What is required: Among the entries below, copy only the span from the line containing "Das Spielzeug unterstützt" through the line containing "東京出張の帰りのフライトで見". Do so exactly, and skip the pictures.

____________

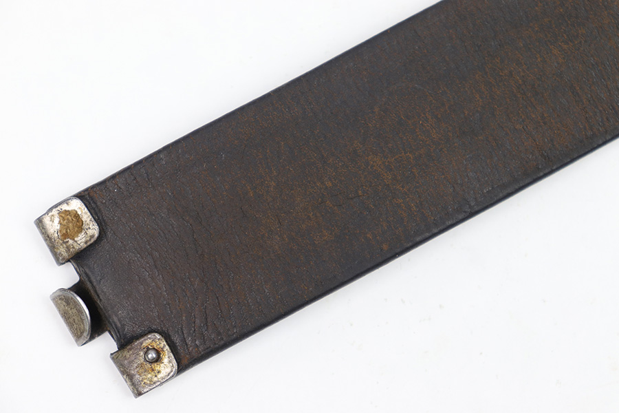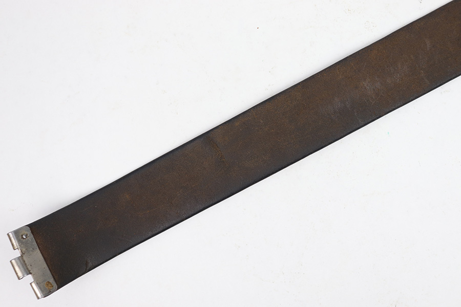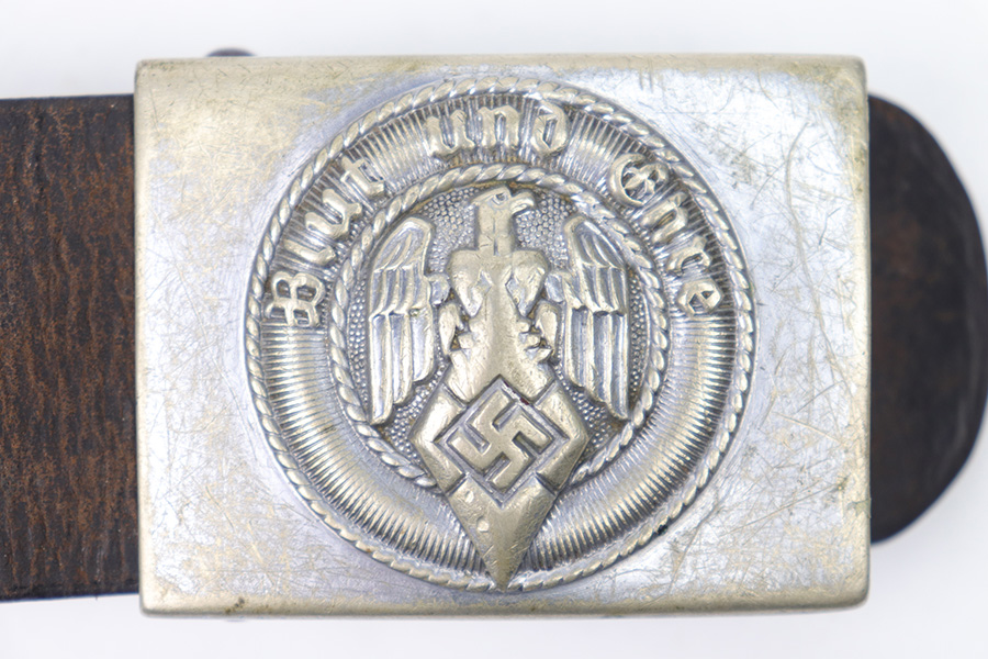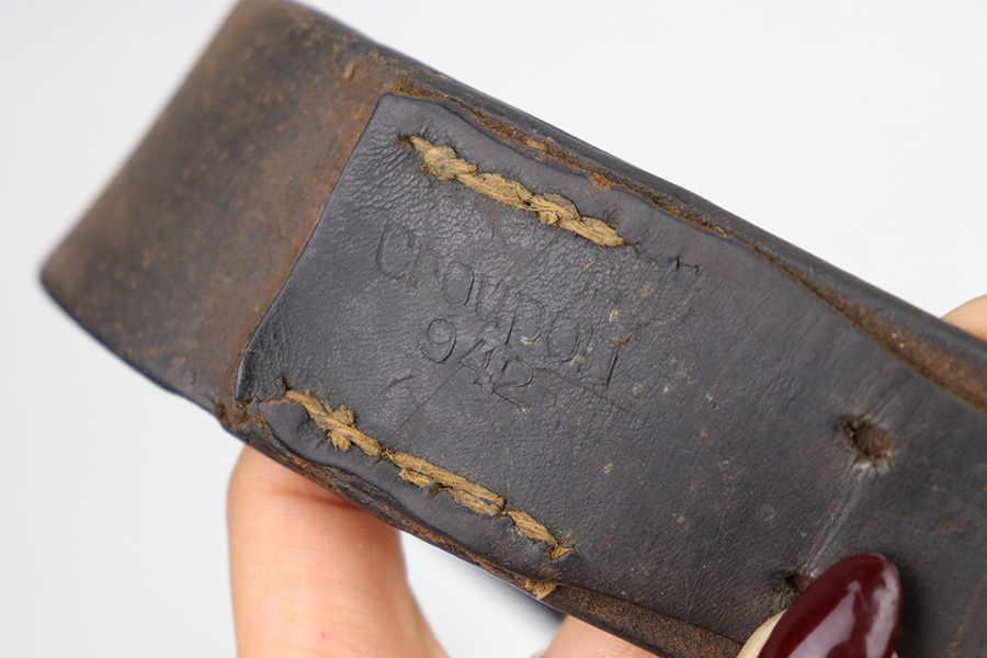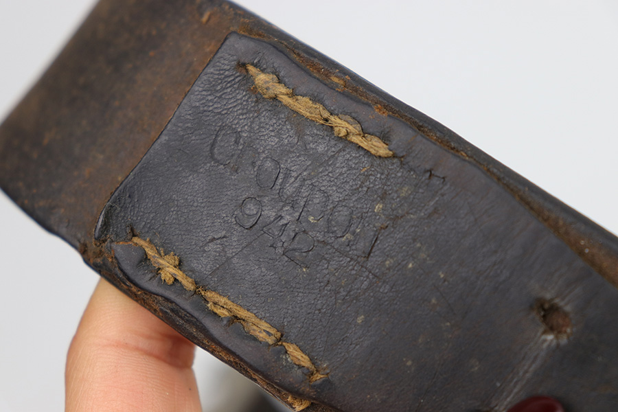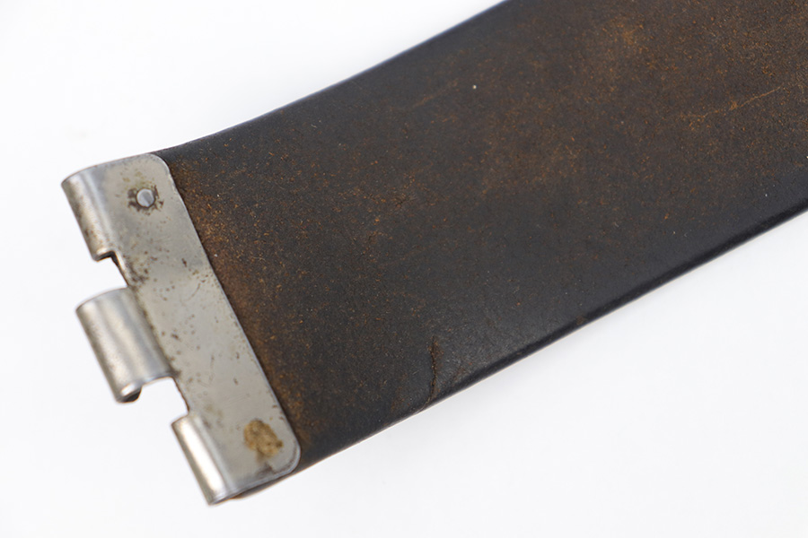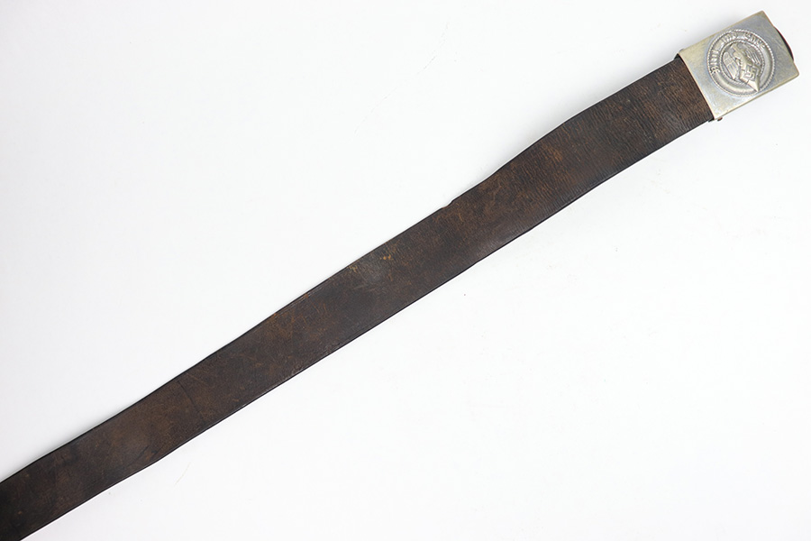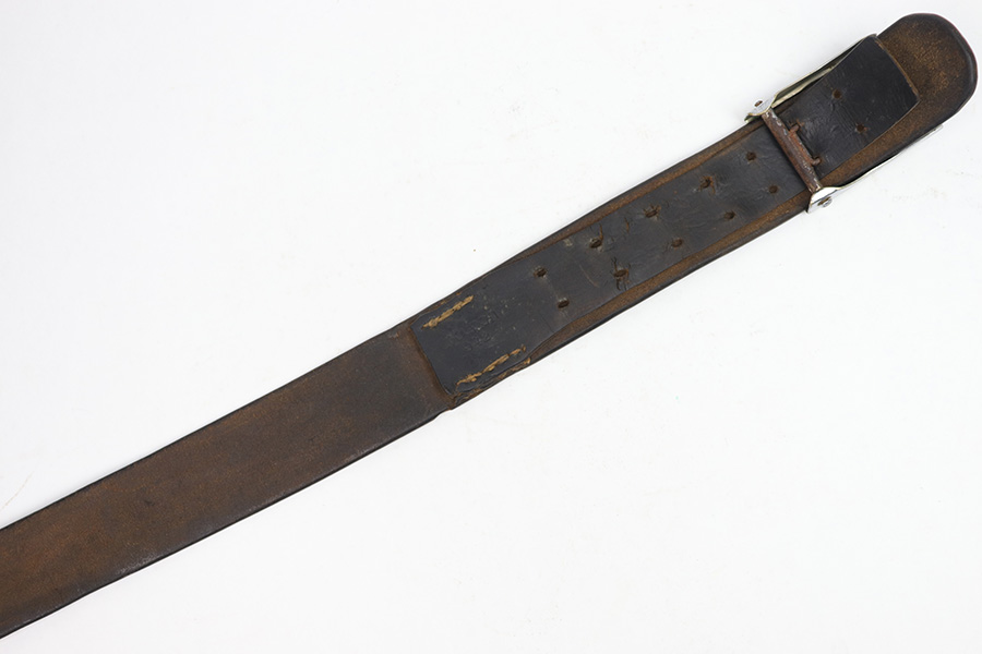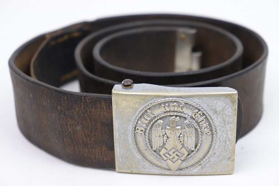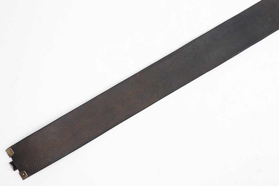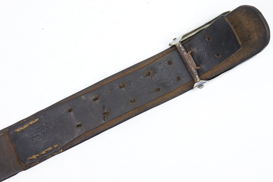 1/10/23 – This is an original WW2 production Hitler Youth belt buckle with an original leather belt. The buckle is in very good condition but has some mild surface wear which is mostly scuffs and surface patina throughout the front of the buckle. The interior of the buckle is well marked with a RZM stamp as well as “KHM 4/49” and a small circular maker symbol of some sort. The leather belt has surface wear and aging throughout, leaving the leather soft and pliable but still completely intact with no major cracks or issues. The interior leather of the belt is stamped “croupon 942” but we’re not sure if this is an original or post-factory stamp.
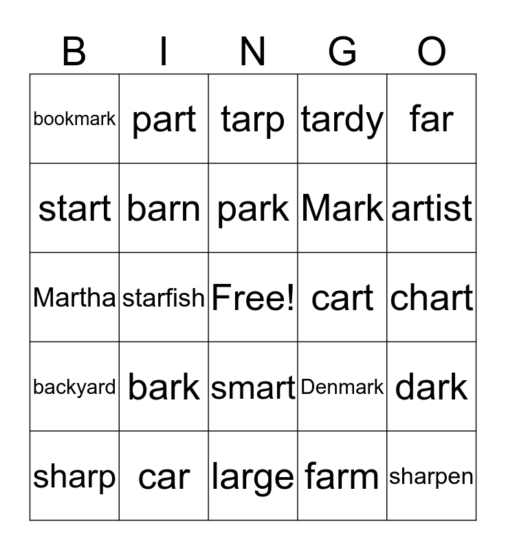 This bingo card has a free space and 24 words: bark, car, park, sharp, far, bookmark, start, part, cart, smart, Mark, Martha, Denmark, dark, barn, farm, chart, tarp, artist, starfish, sharpen, backyard, tardy and large.
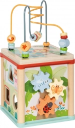 Das Spielzeug unterstützt die Entwicklung der Feinmotorik, der Hand-Auge-Koordination, des logischen Denkens und der Geduld. Kinder üben das Erkennen von Formen und Farben, das Lösen einfacher Aufgaben und lernen den Umgang mit verschiedenen Mechanismen – von Zahnrädern über Schiebebahnen bis hin zu drehbaren Klötzchen mit Tieren.
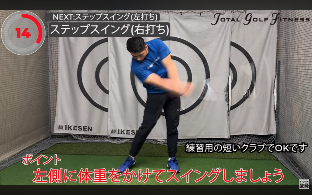 練習用の短いクラブやアイアンを持ち、ステップを踏みながらスイングします。
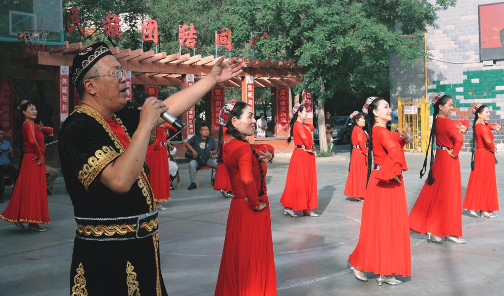 “团结是社区的名字,也是我们始终如一的信念、融入血脉的基因。”74岁的石榴籽乐队团长卡得尔·克衣木说,“民族团结之花常开长盛,我们也要一直唱下去。”
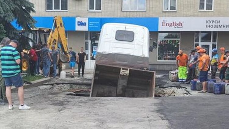 В субботу, 19 июня, в центре Житомира под асфальт провалился грузовик. Инцидент произошел рядом с жилой высоткой, на пешеходной зоне.
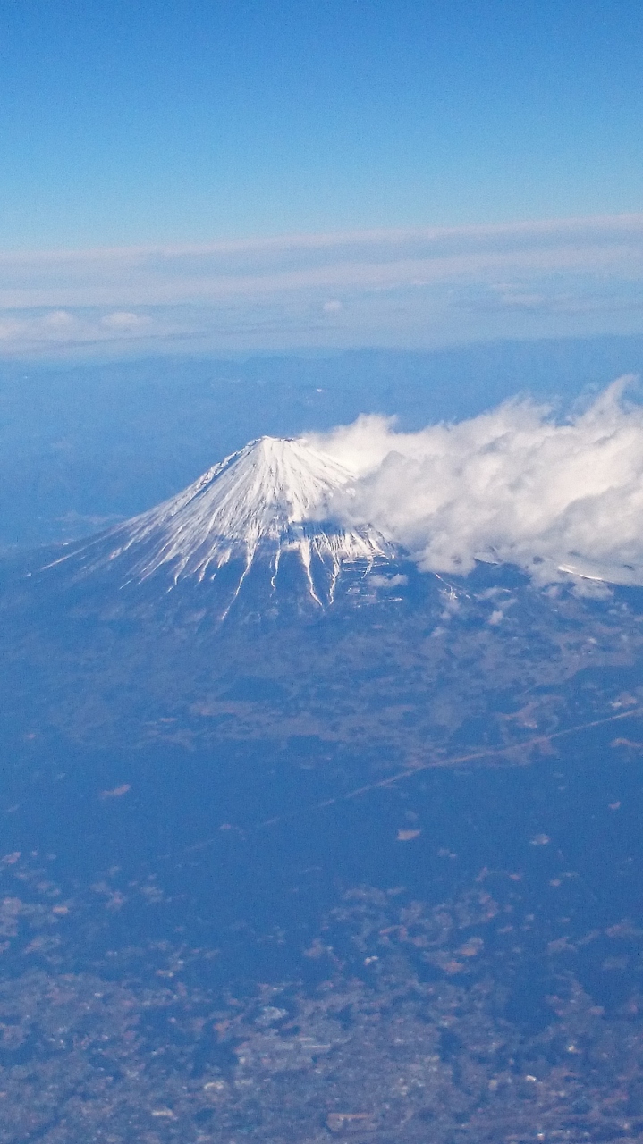 東京出張の帰りのフライトで見ることができました。飛行機から見えたのは初めてで、ちょっと嬉しかったです。もうちょい雲がずれてくれたら、もっとキレイだったのに、残念です。また機会があったら見たいなと思います。
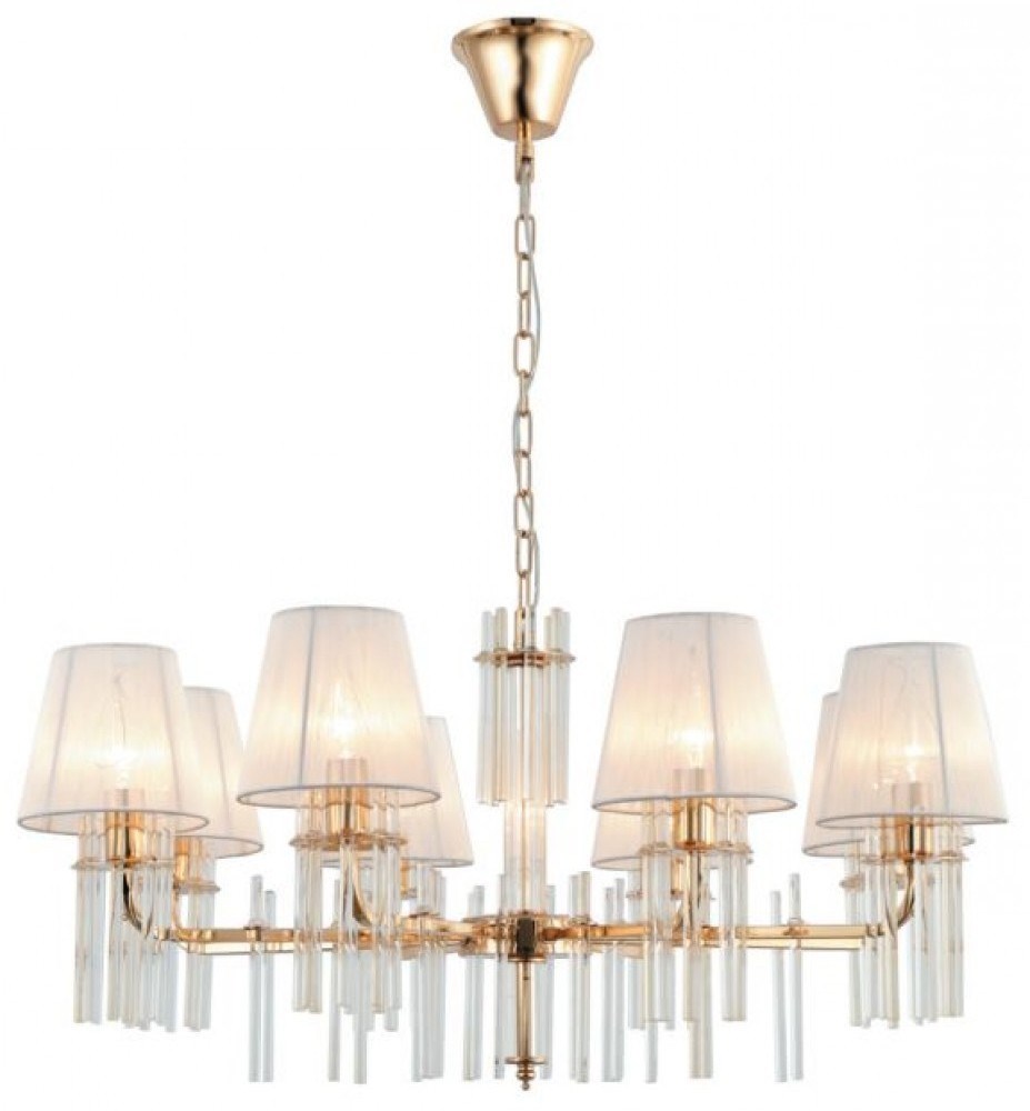 Rivoli Lilith - большая подвесная люстра в стиле современная классика. Итальянская коллекция Lilith Rivoli, в которую входят люстры потолочные под 6 и 8 ламп (арт. 1039-306, 1039-308) и настенное бра (арт. 1039-401), изготовлена из высококачественного легкого металла и декорирована удлиненными стеклянными колбами. Цвет люстры Lilith - французское золото - теплый и уютный. Лаконичные формы арматуры подходят для современных интерьеров, стремящихся к минимализму. Плафоны люстры из прочной прозрачной ткани хорошо пропускают свет. Люстры на потолок Rivoli Lilith c 8 плафонами освещают площадь до 24 м2. Люстры под 8 ламп Е14 40 Вт подойдут для основного освещения гостиной, спальни, детской, кабинета, квартиры-студии. Декоративные элементы отличаются выверенной формой, простотой и высокой прозрачностью под хрусталь. Люстры в спальню Lilith Rivoli помогут создать интерьер в классическом стиле, в замковом стиле, в стиле модерн, эклектика. Идеальны для загородного дома, холла гостиниц, ресторанов.
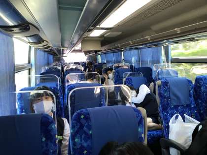 14:40頃 バスに乗り、芝政ワールドを後にしました。 20分ほど早く出発しています。
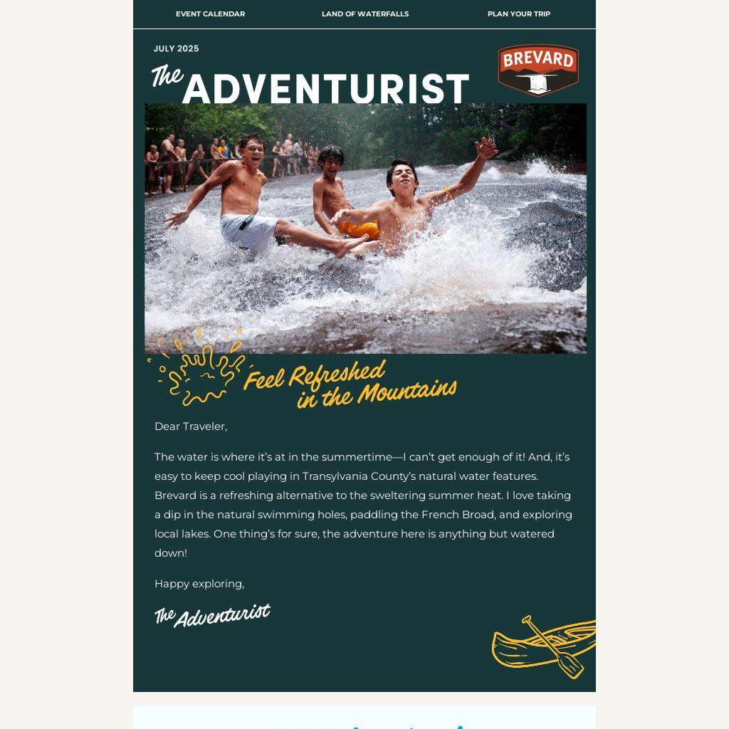 The water is where it’s at in the summertime—I can’t get enough of it! And, it’s easy to keep cool playing in Transylvania County’s natural water features. Brevard is a refreshing alternative to the sweltering summer heat. I love taking a dip in the natural swimming holes, paddling the French Broad, and exploring local lakes. One thing’s for sure, the adventure here is anything but watered down!
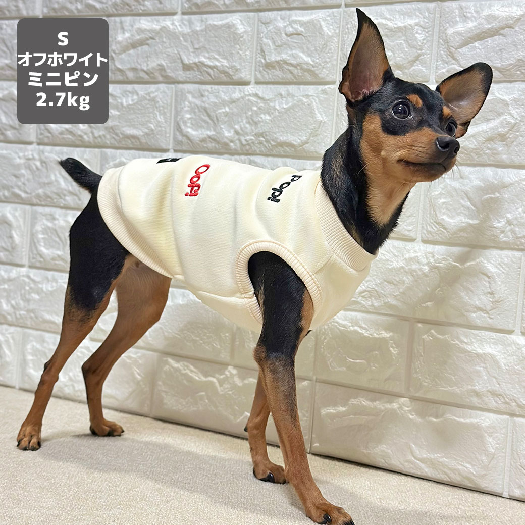 ミニピン2.7kg(首20/胴36/丈23.5cm)のルナちゃんはオフホワイトのSを着用

____________

Response area:
 Das Spielzeug unterstützt die Entwicklung der Feinmotorik, der Hand-Auge-Koordination, des logischen Denkens und der Geduld. Kinder üben das Erkennen von Formen und Farben, das Lösen einfacher Aufgaben und lernen den Umgang mit verschiedenen Mechanismen – von Zahnrädern über Schiebebahnen bis hin zu drehbaren Klötzchen mit Tieren.
 練習用の短いクラブやアイアンを持ち、ステップを踏みながらスイングします。
 “团结是社区的名字,也是我们始终如一的信念、融入血脉的基因。”74岁的石榴籽乐队团长卡得尔·克衣木说,“民族团结之花常开长盛,我们也要一直唱下去。”
 В субботу, 19 июня, в центре Житомира под асфальт провалился грузовик. Инцидент произошел рядом с жилой высоткой, на пешеходной зоне.
 東京出張の帰りのフライトで見ることができました。飛行機から見えたのは初めてで、ちょっと嬉しかったです。もうちょい雲がずれてくれたら、もっとキレイだったのに、残念です。また機会があったら見たいなと思います。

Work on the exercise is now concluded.